(Collection entries)
——————————

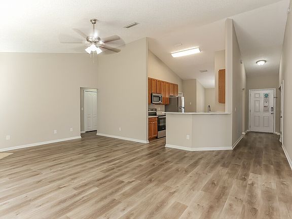 Please note, our homes are available on a first-come, first-serve basis and are not reserved until the lease is signed by all applicants and security deposits are collected. This home features Progress Smart Home - Progress Residential's smart home app, which allows you to control the home securely from any of your devices. Want to tour on your own? Click the "Self Tour" button on this home's RentProgress. This three-bedroom, two-bathroom rental home in Jacksonville has plenty to offer, including a pet-friendly enclosed yard and a renovated interior. You'll love how spacious the living room is. It comes with a charming corner fireplace, a vaulted ceiling, and plenty of natural light from a set of sliding glass doors leading outside. Serve casual meals at the breakfast bar in the kitchen, and enjoy cooking using the top-quality stainless steel appliances. The overhead microwave helps to save space. There's a large walk-in closet and luxury vinyl plank flooring in the master bedroom. Enjoy having both a bathtub and a shower in the en suite bathroom. Come take your in-person tour soon!
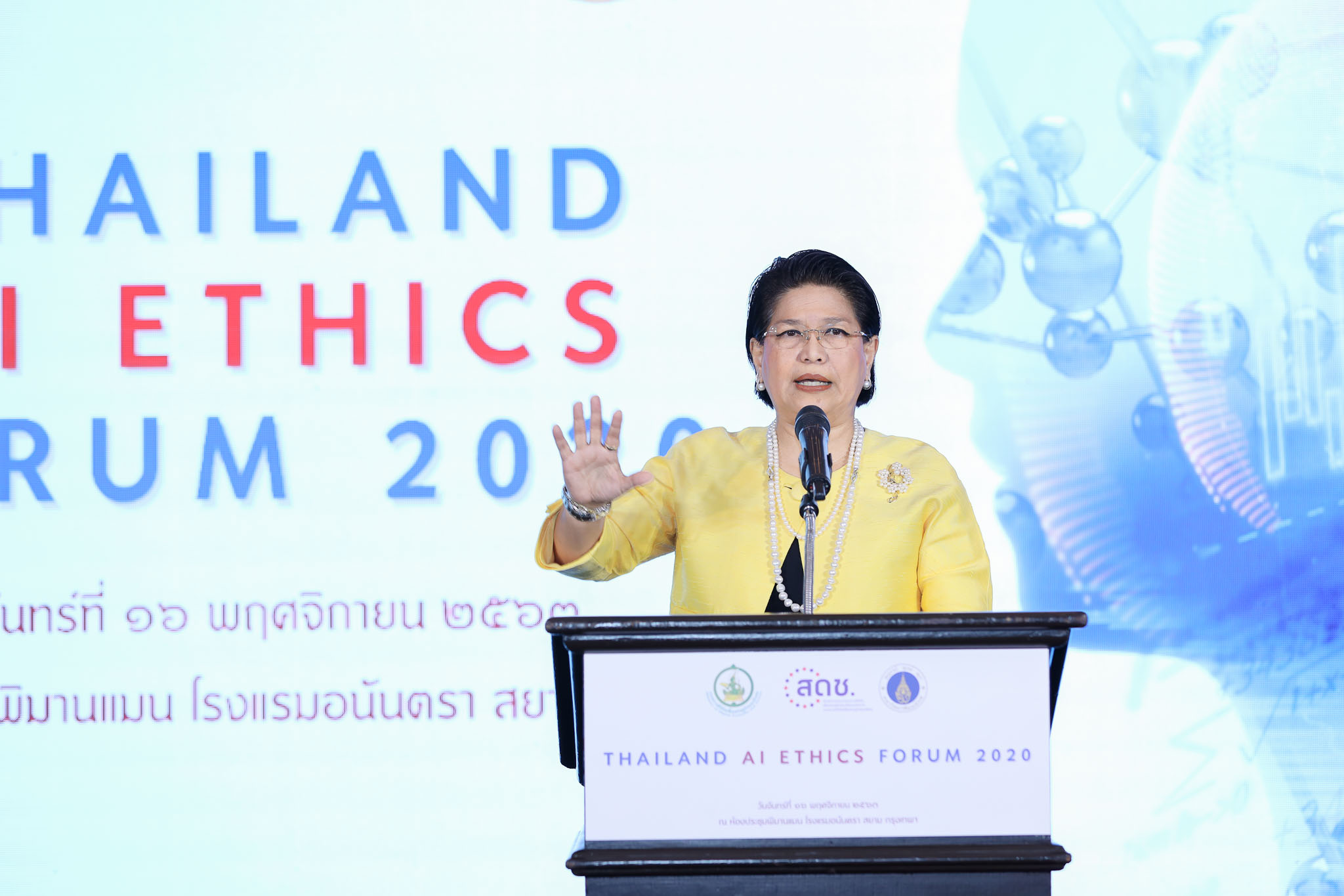 เมื่อวันที่ 16 พฤศจิกายน 2563 นางวรรณพร เทพหัสดิน ณ อยุธยา เลขาธิการคณะกรรมการดิจิทัลเพื่อเศรษฐกิจและสังคมแห่งชาติ เป็นประธานเปิดงาน Thailand AI Ethics Forum 2020 โดยมี ผู้ทรงคุณวุฒิจากมหาวิทยาลัยมหิดล และผู้ทรงคุณวุฒิภายนอก ร่วมเสวนา เพื่อกำหนดแนวทางจริยธรรมปัญญาประดิษฐ์ (AI Ethics Principle) เพื่อเป็นกรอบแนวทางในการพัฒนาระบบสารสนเทศในประเทศไทย ณ ห้องประชุมพิมานแมน โรงแรมอนันตรา สยาม กรุงเทพฯ
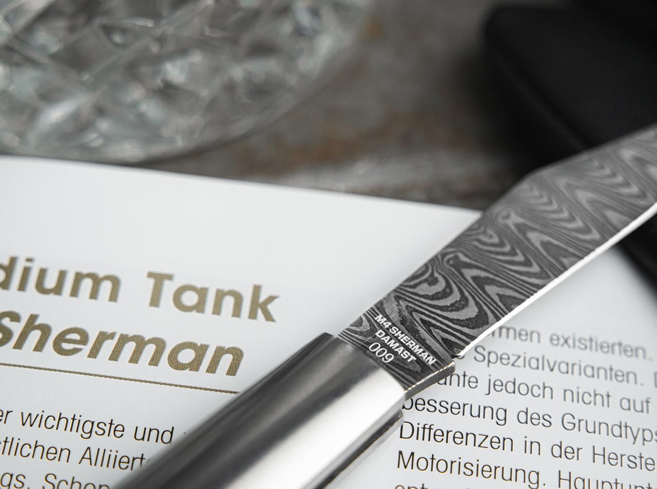 The Boker Barlow M4 Sherman-Damascus is supplied with a unique Damascus blade forged from various materials from the production of M4 Sherman tanks previously restored by the museum. The unique 80-layer Damascus is hand forged for us by Chad Nichols in the customized Ladder pattern and is reminiscent of the tank marks left in the ground by the heavy tracks of the M4 Sherman. The integrally constructed Barlow is supplied with burlap micarta handle scales that are colored to evoke the authentic camouflage finish of the U.S. Army and Marine Corps. The stainless steel handles are CNC-milled from the solid and also form the characteristic bolsters and are ground to a matt finish by hand. Supplied with a high-quality felt case for storage, a certificate of authenticity and an individual serial number. Handmade in the Boker Knife Manufactory in Solingen.
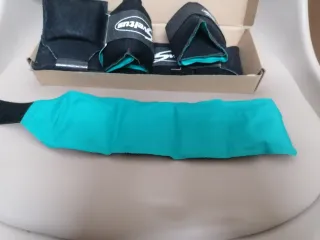 Tobilleras lastradas para entrenamiento. - Peso: 1,5 kg cada una. - Cierre de velcro ajustable. - Material: Tela resistente. Precio a negociar.
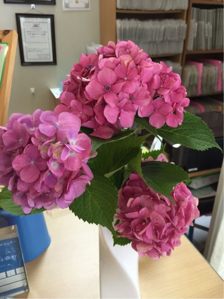 今日は曇ってますが、週2回のペースで来らています患者さまが、今日も可愛い紫陽花を持って来てくださいました(o^^o) ポートカイロの入り口は、華やいでいます。ありがとうございます。
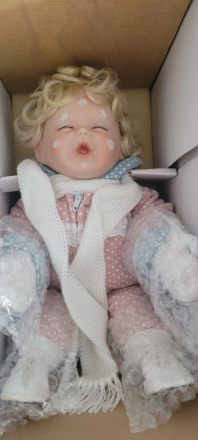 Selling an Ashton Drake Galleries doll. It comes with its original box and a small bag of artificial snow.

——————————

Reproduce every record above exactly, omitting the pictures.

 Please note, our homes are available on a first-come, first-serve basis and are not reserved until the lease is signed by all applicants and security deposits are collected. This home features Progress Smart Home - Progress Residential's smart home app, which allows you to control the home securely from any of your devices. Want to tour on your own? Click the "Self Tour" button on this home's RentProgress. This three-bedroom, two-bathroom rental home in Jacksonville has plenty to offer, including a pet-friendly enclosed yard and a renovated interior. You'll love how spacious the living room is. It comes with a charming corner fireplace, a vaulted ceiling, and plenty of natural light from a set of sliding glass doors leading outside. Serve casual meals at the breakfast bar in the kitchen, and enjoy cooking using the top-quality stainless steel appliances. The overhead microwave helps to save space. There's a large walk-in closet and luxury vinyl plank flooring in the master bedroom. Enjoy having both a bathtub and a shower in the en suite bathroom. Come take your in-person tour soon!
 เมื่อวันที่ 16 พฤศจิกายน 2563 นางวรรณพร เทพหัสดิน ณ อยุธยา เลขาธิการคณะกรรมการดิจิทัลเพื่อเศรษฐกิจและสังคมแห่งชาติ เป็นประธานเปิดงาน Thailand AI Ethics Forum 2020 โดยมี ผู้ทรงคุณวุฒิจากมหาวิทยาลัยมหิดล และผู้ทรงคุณวุฒิภายนอก ร่วมเสวนา เพื่อกำหนดแนวทางจริยธรรมปัญญาประดิษฐ์ (AI Ethics Principle) เพื่อเป็นกรอบแนวทางในการพัฒนาระบบสารสนเทศในประเทศไทย ณ ห้องประชุมพิมานแมน โรงแรมอนันตรา สยาม กรุงเทพฯ
 The Boker Barlow M4 Sherman-Damascus is supplied with a unique Damascus blade forged from various materials from the production of M4 Sherman tanks previously restored by the museum. The unique 80-layer Damascus is hand forged for us by Chad Nichols in the customized Ladder pattern and is reminiscent of the tank marks left in the ground by the heavy tracks of the M4 Sherman. The integrally constructed Barlow is supplied with burlap micarta handle scales that are colored to evoke the authentic camouflage finish of the U.S. Army and Marine Corps. The stainless steel handles are CNC-milled from the solid and also form the characteristic bolsters and are ground to a matt finish by hand. Supplied with a high-quality felt case for storage, a certificate of authenticity and an individual serial number. Handmade in the Boker Knife Manufactory in Solingen.
 Tobilleras lastradas para entrenamiento. - Peso: 1,5 kg cada una. - Cierre de velcro ajustable. - Material: Tela resistente. Precio a negociar.
 今日は曇ってますが、週2回のペースで来らています患者さまが、今日も可愛い紫陽花を持って来てくださいました(o^^o) ポートカイロの入り口は、華やいでいます。ありがとうございます。
 Selling an Ashton Drake Galleries doll. It comes with its original box and a small bag of artificial snow.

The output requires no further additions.